As experts in iOS development, we were engaged to enrich their internal team to make this redesign a reality with sound software development principles.
The mobile application was designed with motion design principles. This means, every component will animate in harmony with other components based on the user interations like scroll, swipe and click. Building an iOS mobile application that is interaction rich with reusable components is not a simple task as it would need proper abstraction and well planned component composition.
We needed to implement both vertical as well as horizontal animations that could be triggered by a scroll gesture from the user. The type of animation in each direction was different - vertically, we needed a parallax animation, whereas horizontally, we needed a pan animation with crossfading and movement offsets. Apart from the above, we also needed to support a slow panning gesture as well as a fast flick gesture, and also needed to auto-complete the animation when the pan gesture crossed a particular threshold.
Not only did the animations need to work when the user performed a scrolling action, they also needed to run on a fixed timed interval that was determined on the backend.

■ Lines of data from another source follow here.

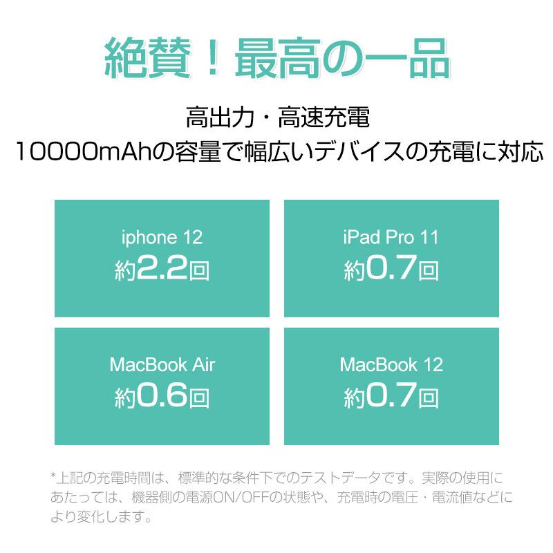 10000mAhの大容量バッテリーが搭載されて、スマホに約2回フル充電可能です。ちょっとしたお出かけや旅行、通勤、出張などにスマホやタブレットの電池切れに悩むことはありません。最大22.5W出力が可能で従来の5W出力の充電器に比べ充電時間を短縮できます。
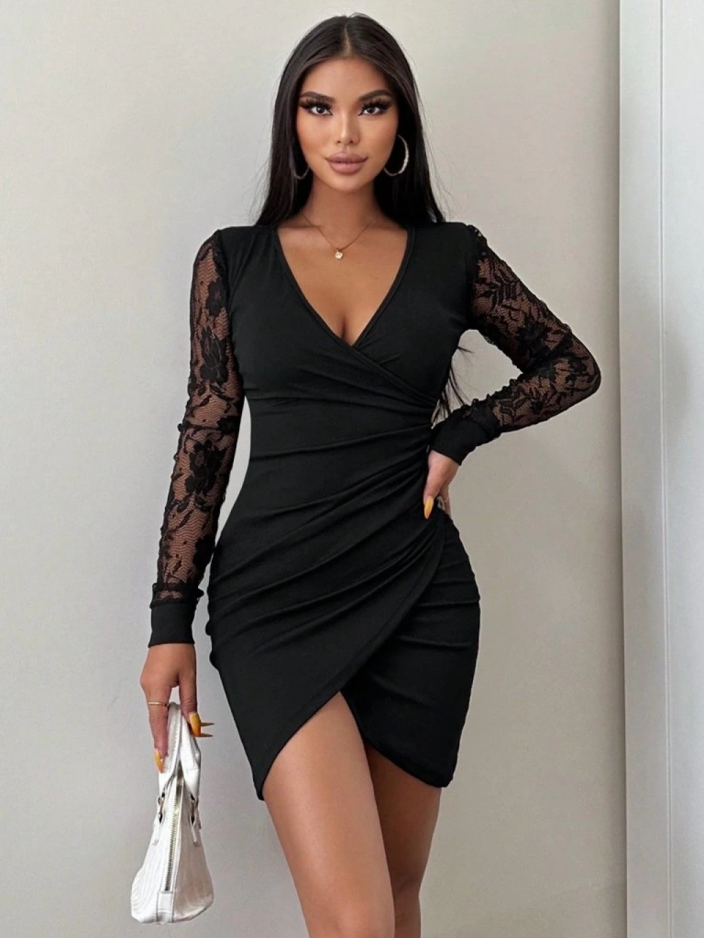Kadın Uzun Kollu Kruvaze Yaka Beli Düğme Detay Krep Elbise
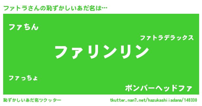 | ヘコむあだ名 | 『ファお』『ファトラ(笑)』 |
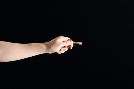 A hand in a blue glove holds a wooden pointer against a black background. Side view. Diagnosis, Treatment, Health and Medicine.
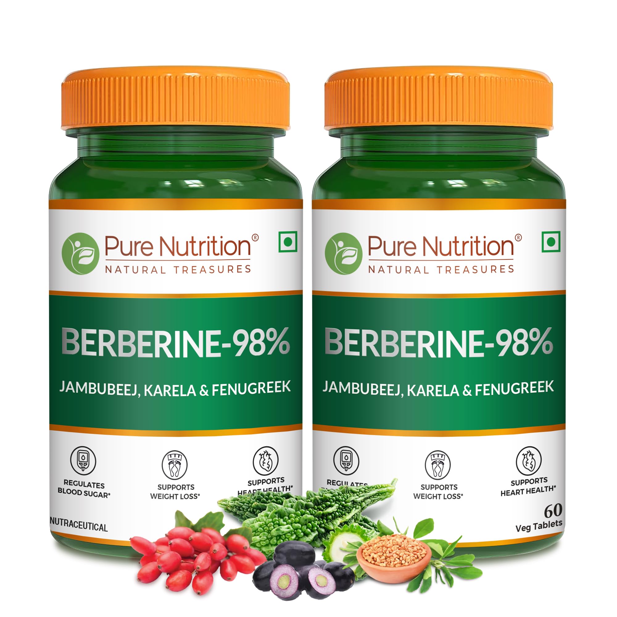 Pure Nutrition BERBERINE 98% supplement integrates high-potency berberine extract with Jamun Karela and Fenugreek extracts. This blend is crafted to help in weight management by supporting metabolism. Additionally the supplement promotes heart health with berberine recognized for its cardiovascular benefits. Each vegetarian tablet ensures convenience and quality offering a holistic approach to wellness through natural ingredients known for their beneficial properties.
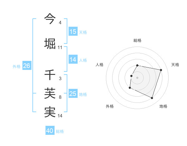 今堀 千芙実さんを姓名の画数から五運を鑑定
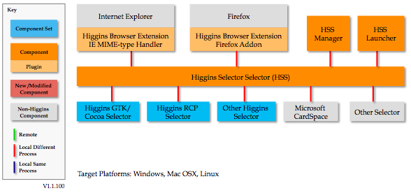 • Selector – client code that manages identity information using the information card metaphor. A selector is used to disclose identity information to a relying site or a local application for authentication or other purposes. The HSS can launch one of the Higgins selectors or it can launch CardSpace™ as the user desires.
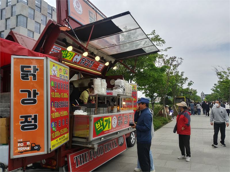 금강산도 식후경. 산책 나온 시민들이 출출한 지 발길을 멈추었다.
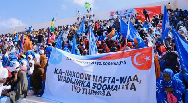 Dadweynaha ka qeyb galay banaanbaxa ayaa watay boorar lagu xardhay ereyo lagu taageerayo heshiiska Soomaaliya iyo Turkiga, waxaana erayada ka mid ahaa ka naxoo nafta waay.
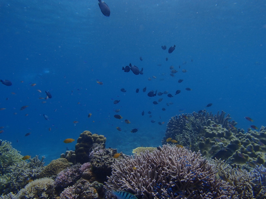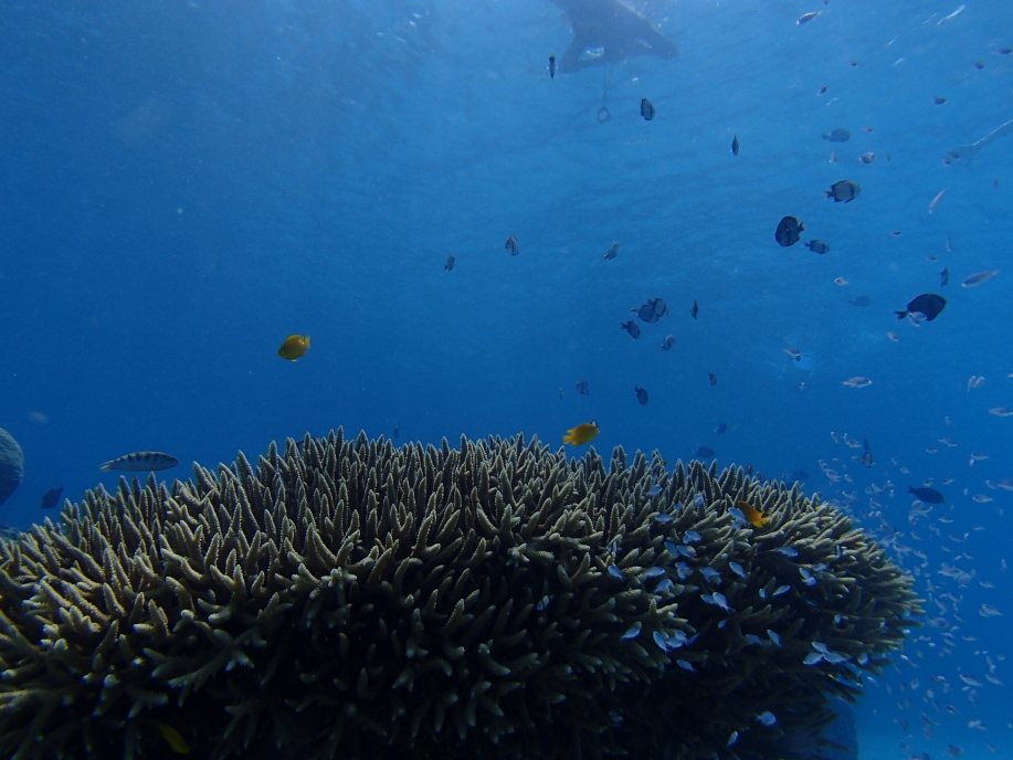 珊瑚は綺麗なんですけど、さっきのが気になって、キョロキョロとしていました。
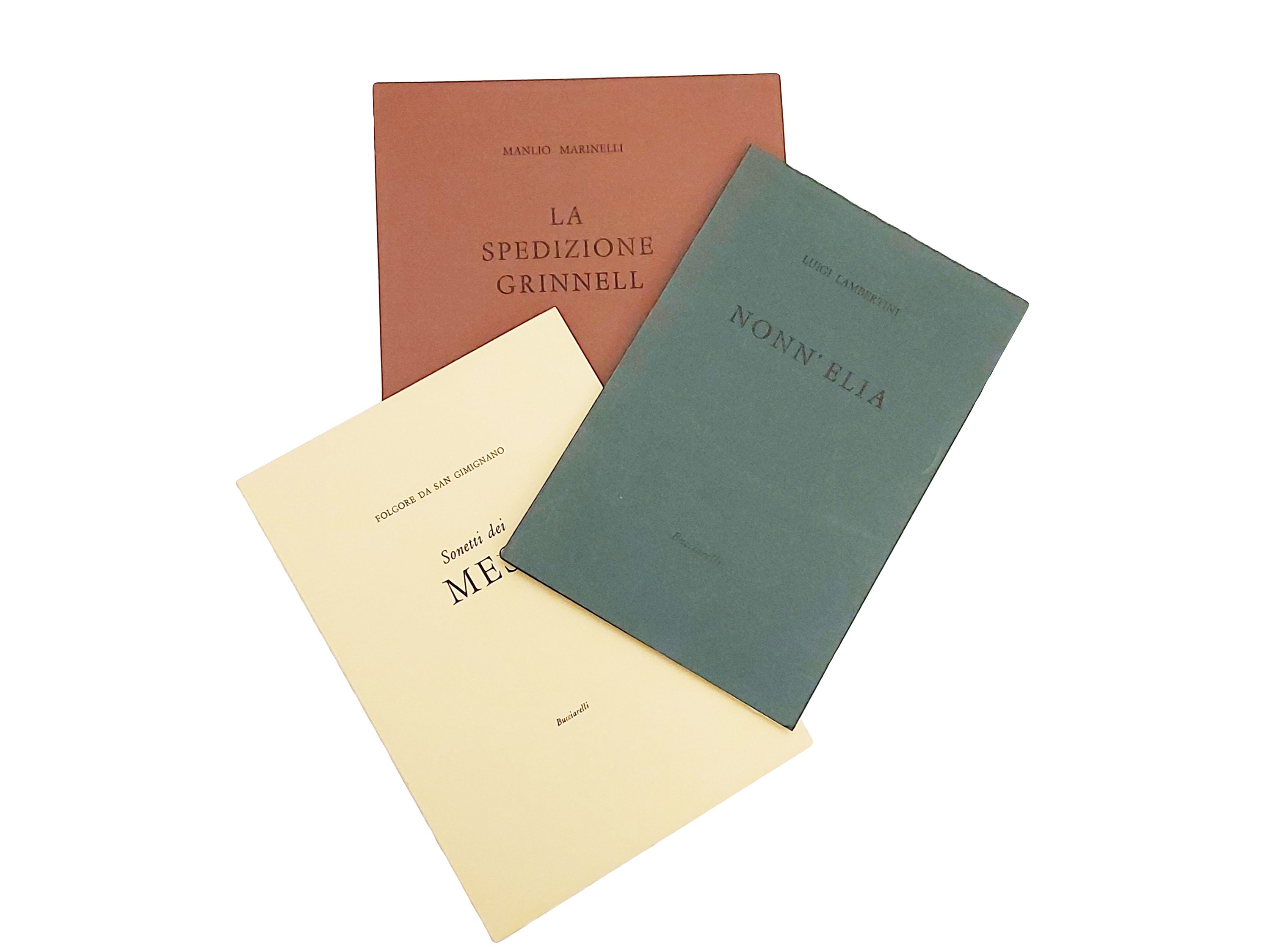 - Manlio Marinelli, La spedizione Grinnell, Bucciarelli, 1967, 39 p. (280x215 mm). Con tre acqueforti originali (150x110 mm) numerate e firmate, di Edgardo Travaglini. Es. n. 7/150 su carta a mano Fabriano (3)

We needed to ensure that the user-triggered and automated animations did not conflict with each other in any way.
To ensure that the animations were smooth without any perceptible lags or hiccups, we needed to synchronize the animation with the device's refresh rate, whether it was 60hz or 120hz on the latest models. Reversible animations We needed to ensure that the animation could be reversed to the starting position, if the user did not complete the pan gesture fully.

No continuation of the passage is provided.